Israel’s finance minister, Bezalel Smotrich, has criticized Moody’s decision to downgrade Israel’s credit rating, accusing the financial ratings agency of making a “political manifesto” that lacks serious economic claims. Moody’s lowered Israel’s credit rating from A1 to A2, citing concerns over the ongoing war in Gaza and the potential for a war in the north with Hezbollah to adversely affect the country’s economy. This is the first time Moody’s has downgraded Israel’s credit rating.

The downgraded rating, though still carrying relatively low risk, may impact Israel’s economy as it may lead other major rating agencies to also downgrade Israel’s outlook. This would make it more difficult for the government to raise funds through bond sales. Israeli officials fear that the downgrade could have lasting effects on the country’s economy, especially if the war in Gaza continues for an extended period of time. However, some experts believe that the impact will be less significant if the war is not prolonged.
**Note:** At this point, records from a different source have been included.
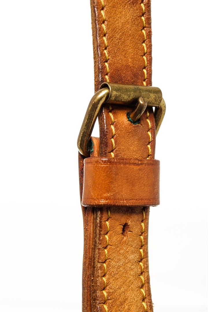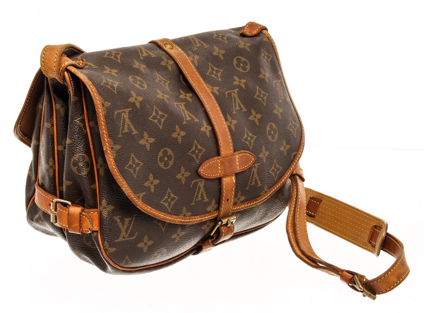 One Louis Vuitton Monogram Saumur 30. Item is sold AS-IS. All available information is listed in the description and shown in the photo. Louis Vuitton Monogram Saumur 30 with coated canvas exterior, brown fabric lining, contrasting vachetta leather trims and adjustable strap, flap and buckle closure, gold-tone hardware, and two main compartments, one on each side.
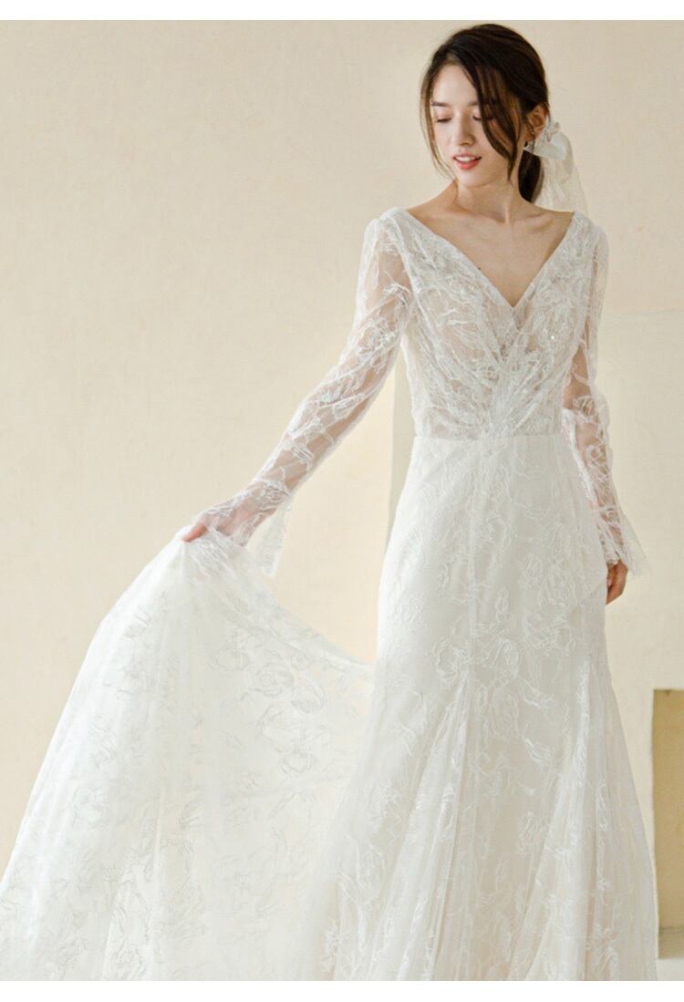 繊細なタッチのレース感がエレガントなウェディングドレス。
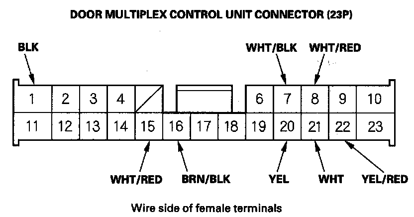 18. Reconnect the connector to the door multiplex control unit. Turn the ignition switch ON (II) and make these input tests at the connectors.
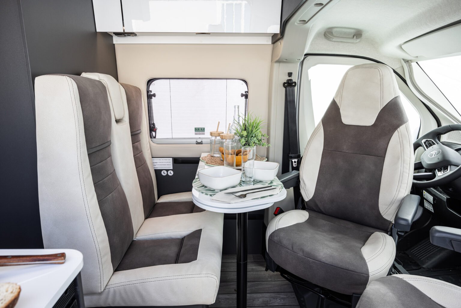 Nouvelle sellerie « Urban » de style automobile, en tissu et similicuir en phase avec les tendances actuelles. Des placards de couleur claire pour plus de luminosité et une ambiance plus chaleureuse.
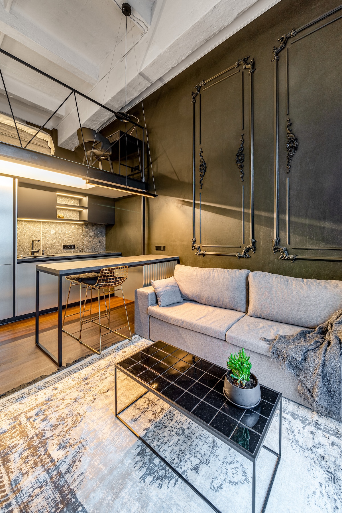 Pozivamo vas u moderan gradski potkrovlje s visokim plafonima i galerijskom atmosferom. Unutrašnjost je oblikovana čistim linijama, metalnim detaljima i umetničkim akcentima, stvarajući suptilan osećaj njujorških kreativnih okruga. Električni kamin u dnevnoj sobi omogućava vam da promijenite ton i raspoloženje osvjetljenja: od ugodne večernje smirenosti do sjaja gradske noći. Prostor za spavanje u mezaninu pruža privatnost, a detalji dizajna kupatila suptilno podsjećaju na estetiku gradskih panorama.
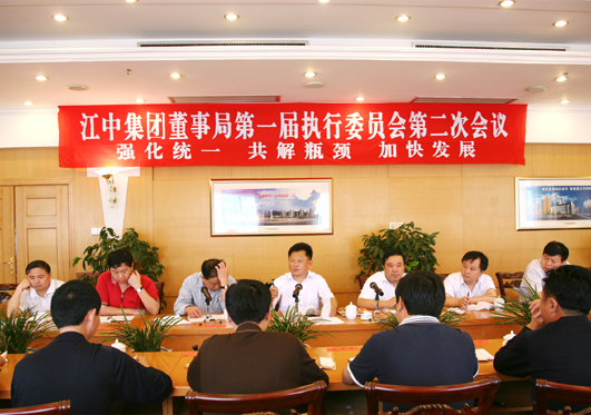 金秋十月,天高气爽。2007年10月1日至2日,江苏江中集团董事局第一届执行委员会第二次会议在江中宾馆举行。董事局执行委员会全体组成人员参加了会议。会议要求集团上下认清形势,统一思想,学赶先进,凝心聚力,共解瓶颈,奋力冲刺,加快发展,为确保实现今年总产值50亿元的目标任务而不懈奋斗。
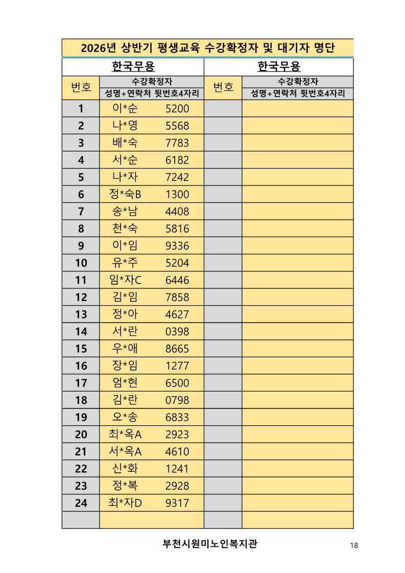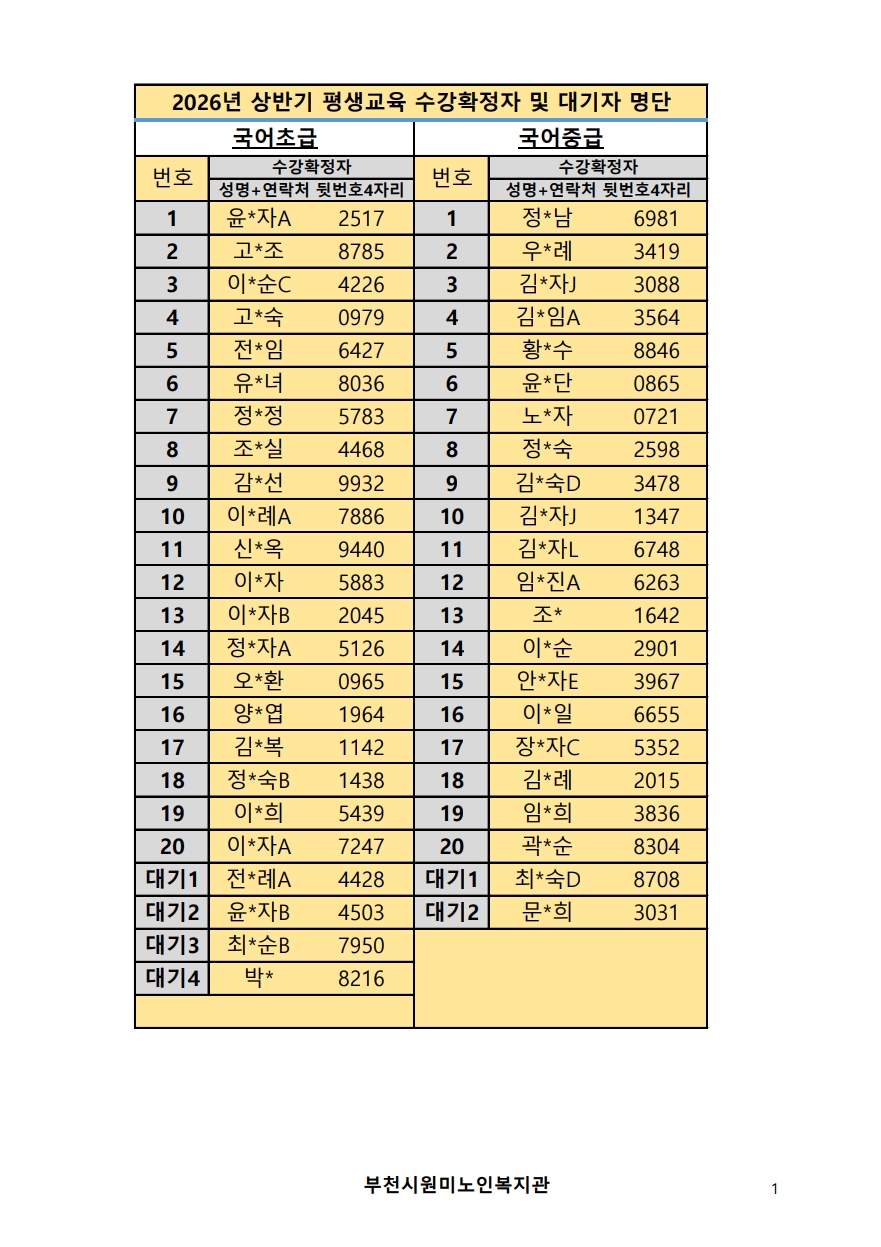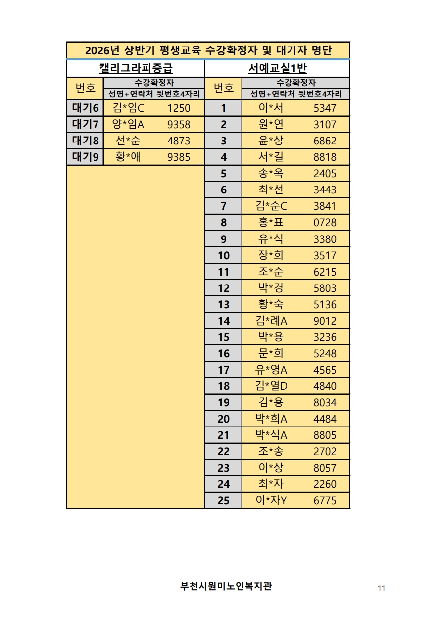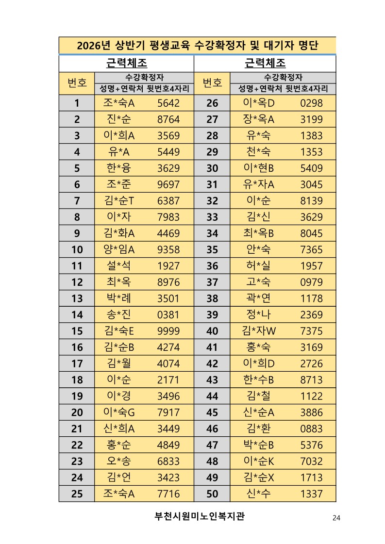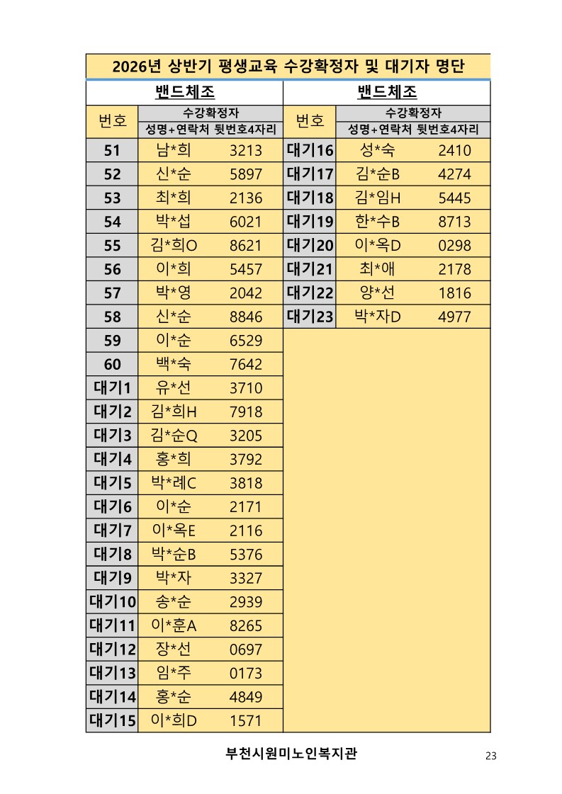 2026년 평생교육 상반기 프로그램 수강신청 결과 발표
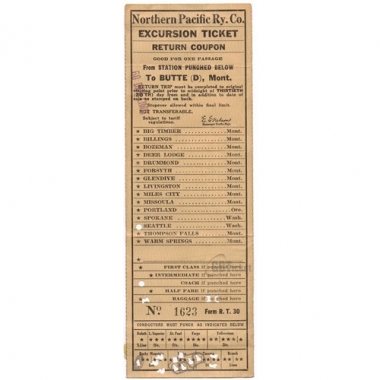 Railway Ticket, USA, Northern Pacific Ry Co, Seatlle - Butte, Serial No 1623
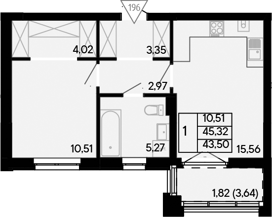 Квартира этаж 3, площадь 43.50 м2
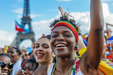 LGBT Paris Pride Parade participants, AI generative LGBTQ festival illustration
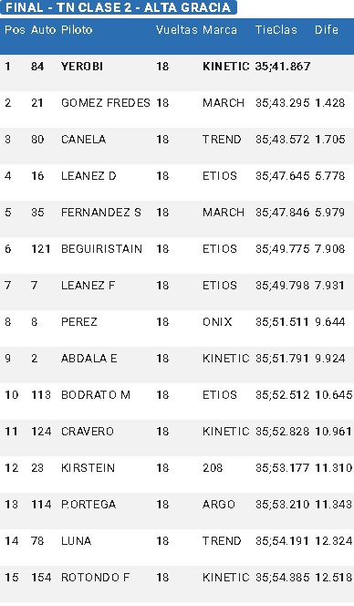 El sanjuanino Diego Leánez (Toyota Etios), Sergio Fernández (Nissan March), Nazareno Beguiristain (Toyota Etios), el otro representante de San Juan al TN, Facundo Leánez (Toyota Etios), Sebastián Pérez (Chevrolet Onix), Emanuel Abdala (Fiesta Kinetic) y Christian Bodrato Mionetto (Toyota Etios), completaron las principales posiciones.
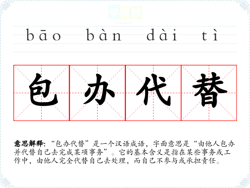 “包办代替”提醒我们在生活和工作中要勇于承担责任,积极参与。它在语言学习和表达中起到警示作用,鼓励我们关注个体的主动性和责任感。在日常生活中,理解和运用这个成语不仅有助于语言能力的提升,也能促进个人成长与人际关系的和谐。
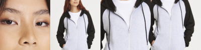 Charcoal 52% ringspun cotton/48% polyester. Soft cotton faced fabric. Brushed back fleece. Raglan sleeves. Contrast double fabric hood with flat lace drawcord. Full length contrast plastic YKK zip. Contrast sleeves. Front pouch pockets. Ribbed cuffs and hem. Twin needle stitching. Tear out label.
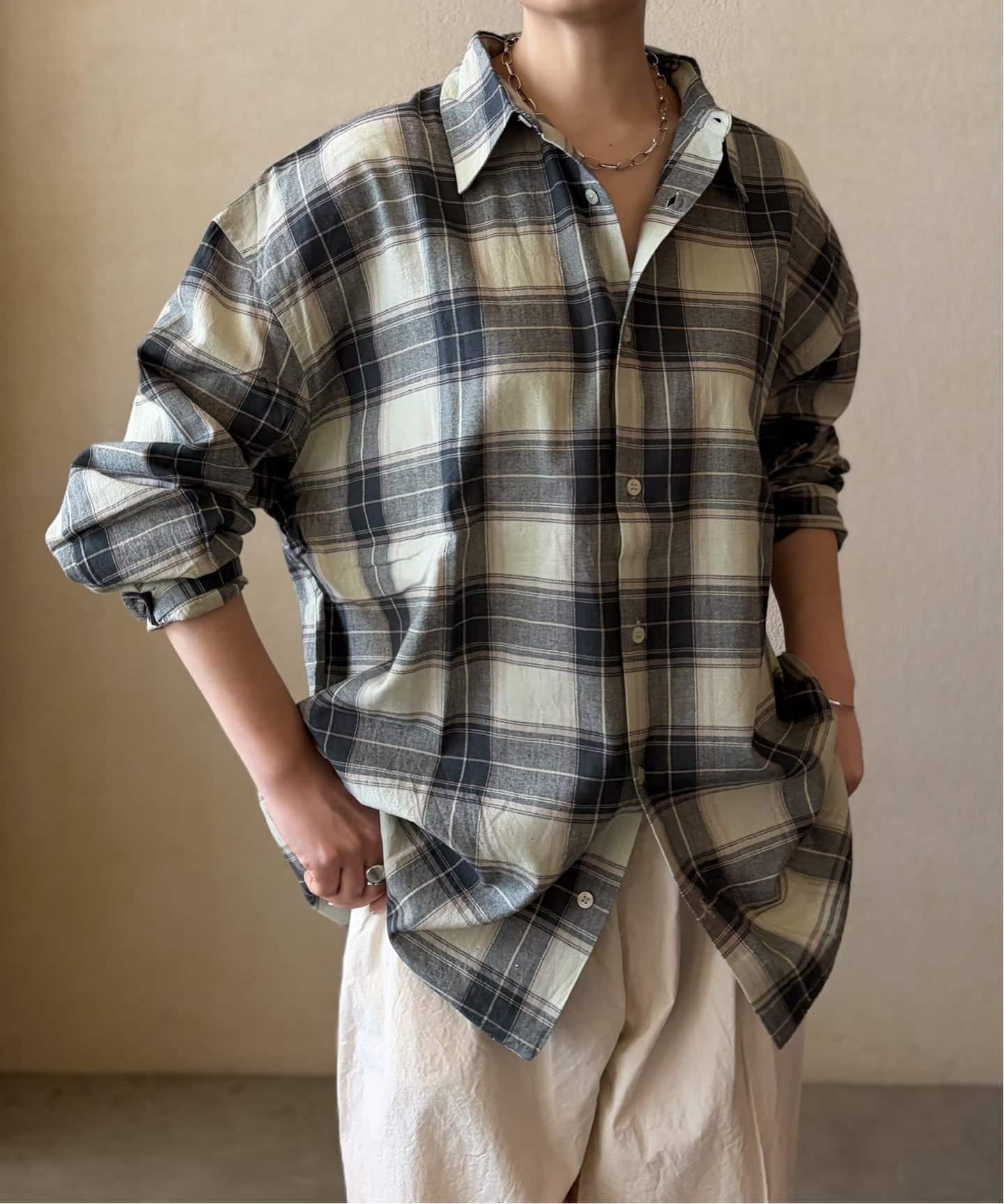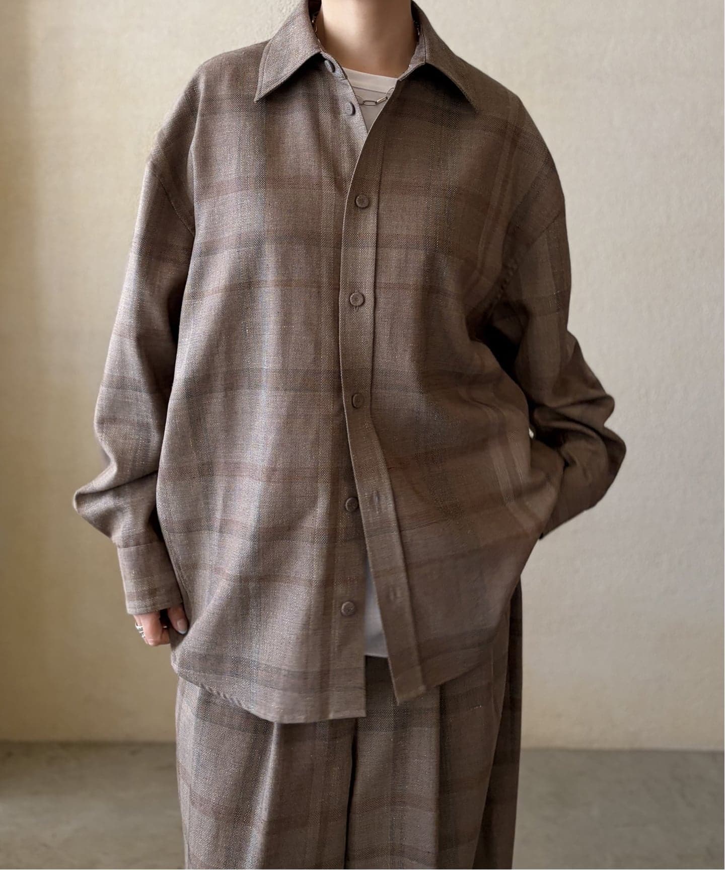 シーズナル素材の、ウールリネン強撚マルチチェック。ウール麻糸とウール糸の2種類を組み合わせて制作した生地を使用した、オーバーサイズシャツ。

Prime Minister Benjamin Netanyahu defended Israel’s economy, stating that the downgrade is solely due to the fact that the country is at war. He promised that once the war ends, the rating would improve again. Bank of Israel Gov. Amir Yaron reassured that the Israeli economy is resilient and already showing signs of recovery. However, previous concerns about Israel’s governance, rising inflation, and a worldwide slowdown in tech investments have put pressure on the economy.

The Moody’s report also raised concerns about Prime Minister Netanyahu’s proposed judicial overhaul, which could weaken Israel’s investment climate. The report acknowledged the positive development that the plan was shelved in January, praising the “strong checks and balances” in Israel.